__Task goal__: Without including any pictures, write out the data below exactly.

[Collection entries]
++++

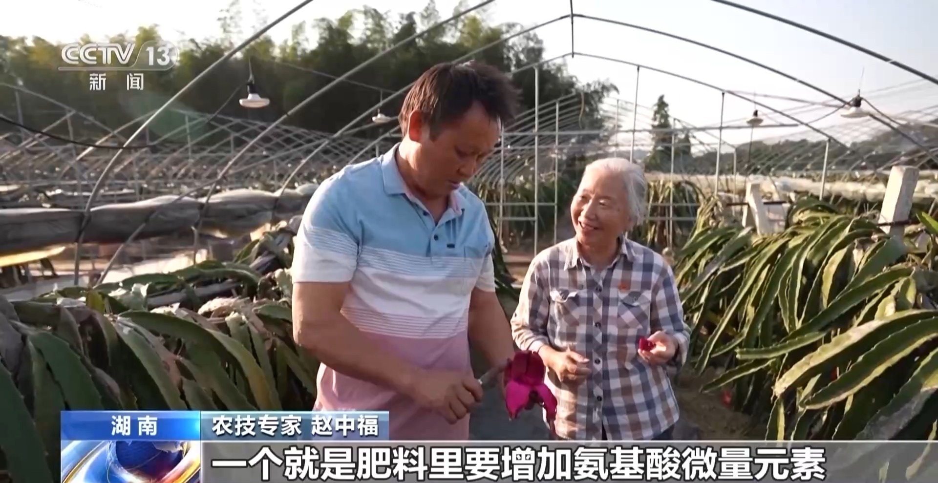 最近正是火龙果收获的季节,一些客商反应种植户李成生家的火龙果不够甜,李成生赶紧打电话请赵中福老人来基地看看。
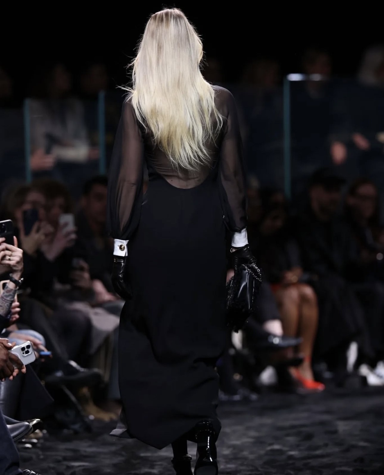 العارضة العالميّة جيجي حديد كانت أول من عرض الفستان في عرض مجموعة الملابس الجاهزة لعام 2024 لدار "فرساتشي" Versace، ونسّقت الفستان بقفّازين قصيرين من الجلد الأسود، وحملت حقيبة يد كبيرة من التويد الأسود مزيّنة بإكسسوارات معدنيّة. كذلك، انتعلت جيجي كندرة مدبّبة من الجلد اللمّاع بتفصيل يعانق الكاحل مزيّن بإكسسوار "ميدوسا" يحاكي نمط قرطي أذنيها. وتركت جيجي شعرها منسدلاً مع فرق في الوسط، واعتمدت مكياج العينين الغرافيكي مع أحمر شفاه حيادي اللون.
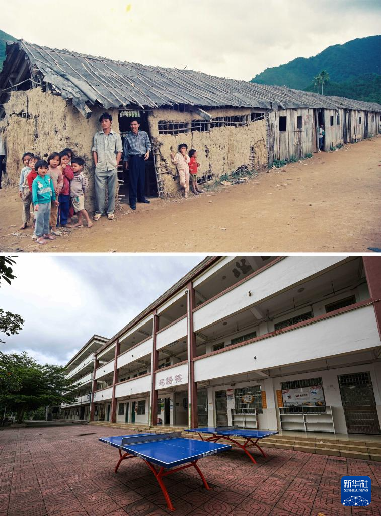 这是一张拼版照片。上图:20世纪90年代在海南保亭毛感乡拍摄的山村教学点(资料照片);下图:2025年7月22日拍摄的毛感乡中心学校(新华社记者蒲晓旭摄)。
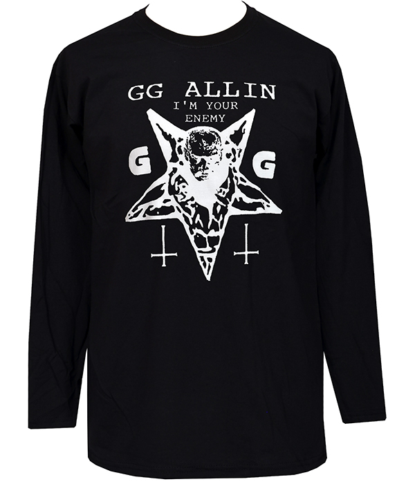 GG Allin “I’m Your Enemy” men’s long sleeve T-shirt in black with bold white print. Pure punk attitude for gigs and everyday rebellion.
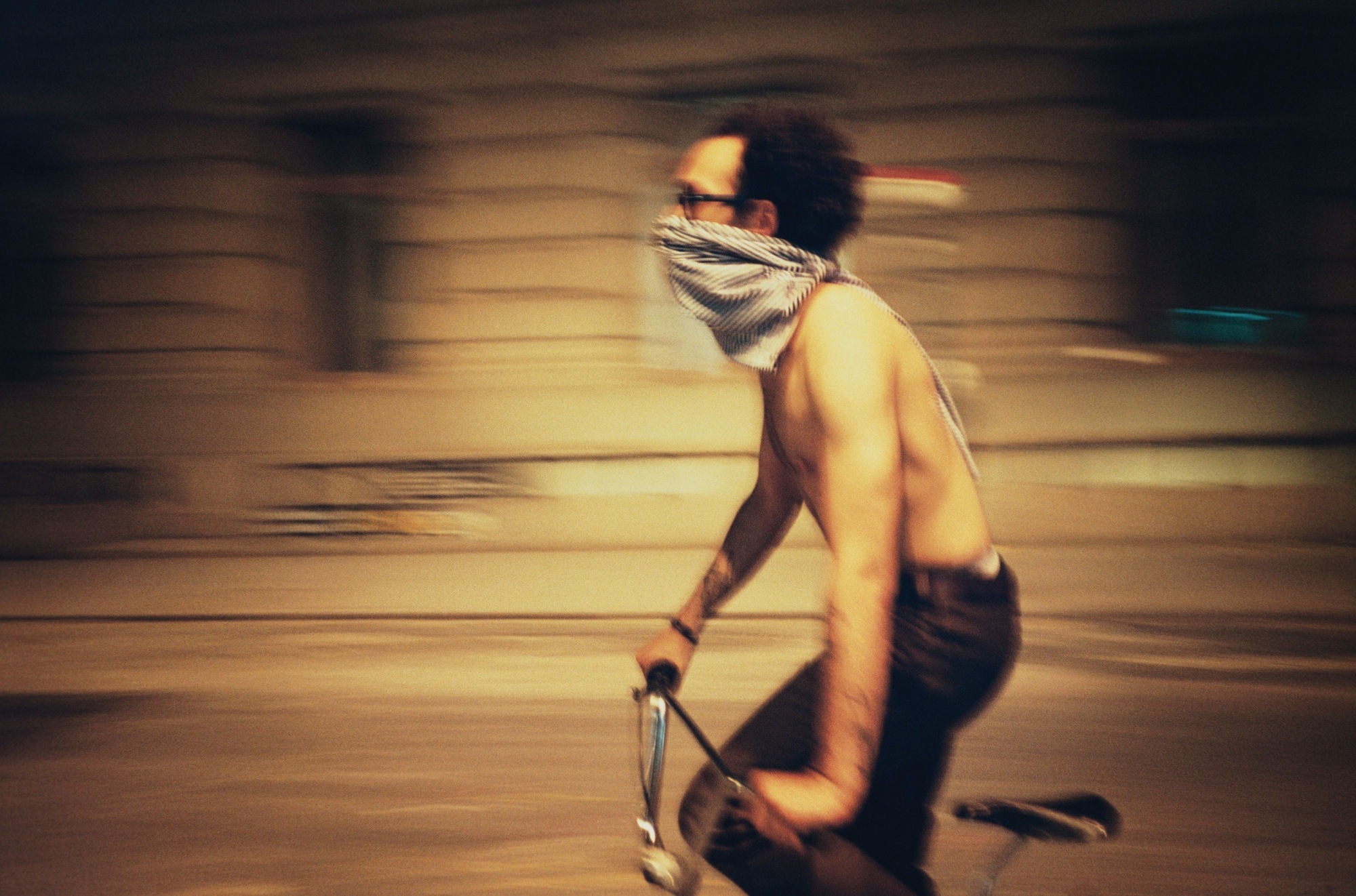 “We went down to Ground Zero to see if we could help out and this is actually at dusk but the cloud of smoke was so dense from the towers falling that it looks like it’s a night photo. This guy is wearing a T-shirt over his face because it was hard to breathe. It was devastating to see. I called Jack Walls and said “The towers fell”, and he said “I know”, and then he said, “You’ve got to get out of downtown.” I said, “I’m going down to photograph it”, and he said, “Of course you are.”

++++

__Response box__:
 最近正是火龙果收获的季节,一些客商反应种植户李成生家的火龙果不够甜,李成生赶紧打电话请赵中福老人来基地看看。
 العارضة العالميّة جيجي حديد كانت أول من عرض الفستان في عرض مجموعة الملابس الجاهزة لعام 2024 لدار "فرساتشي" Versace، ونسّقت الفستان بقفّازين قصيرين من الجلد الأسود، وحملت حقيبة يد كبيرة من التويد الأسود مزيّنة بإكسسوارات معدنيّة. كذلك، انتعلت جيجي كندرة مدبّبة من الجلد اللمّاع بتفصيل يعانق الكاحل مزيّن بإكسسوار "ميدوسا" يحاكي نمط قرطي أذنيها. وتركت جيجي شعرها منسدلاً مع فرق في الوسط، واعتمدت مكياج العينين الغرافيكي مع أحمر شفاه حيادي اللون.
 这是一张拼版照片。上图:20世纪90年代在海南保亭毛感乡拍摄的山村教学点(资料照片);下图:2025年7月22日拍摄的毛感乡中心学校(新华社记者蒲晓旭摄)。
 GG Allin “I’m Your Enemy” men’s long sleeve T-shirt in black with bold white print. Pure punk attitude for gigs and everyday rebellion.
 “We went down to Ground Zero to see if we could help out and this is actually at dusk but the cloud of smoke was so dense from the towers falling that it looks like it’s a night photo. This guy is wearing a T-shirt over his face because it was hard to breathe. It was devastating to see. I called Jack Walls and said “The towers fell”, and he said “I know”, and then he said, “You’ve got to get out of downtown.” I said, “I’m going down to photograph it”, and he said, “Of course you are.”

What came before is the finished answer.